- _DATA FOR THE TASK_:

◇ ◇ ◇ ◇

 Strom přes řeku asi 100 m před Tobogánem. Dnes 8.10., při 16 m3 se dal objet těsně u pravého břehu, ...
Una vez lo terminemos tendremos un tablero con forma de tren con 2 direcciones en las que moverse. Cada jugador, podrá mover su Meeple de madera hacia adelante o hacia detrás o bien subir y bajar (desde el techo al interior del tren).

◇ ◇ ◇ ◇

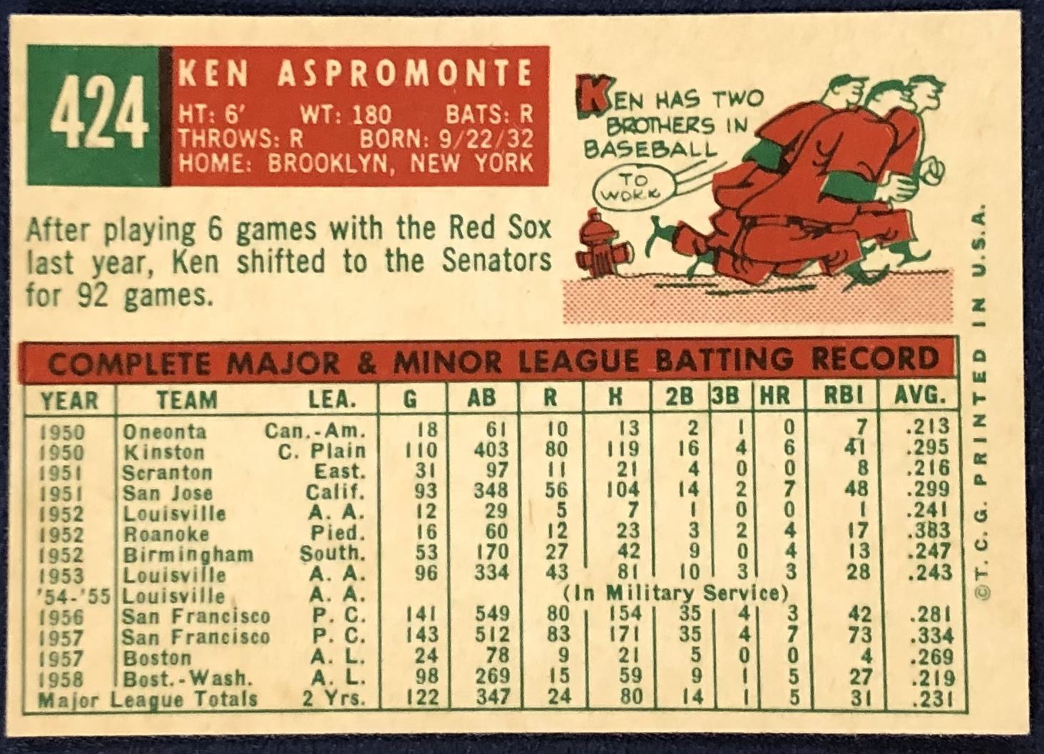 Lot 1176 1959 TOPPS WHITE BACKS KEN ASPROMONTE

◇ ◇ ◇ ◇

- _AIM OF THE TASK_: Using the data above, extract exactly the lines from the one that holds "Strom přes řeku" to the one that holds "Una vez lo terminemos", both ends included, and no others.

- _WRITTEN ANSWER_:
 Strom přes řeku asi 100 m před Tobogánem. Dnes 8.10., při 16 m3 se dal objet těsně u pravého břehu, ...
Una vez lo terminemos tendremos un tablero con forma de tren con 2 direcciones en las que moverse. Cada jugador, podrá mover su Meeple de madera hacia adelante o hacia detrás o bien subir y bajar (desde el techo al interior del tren).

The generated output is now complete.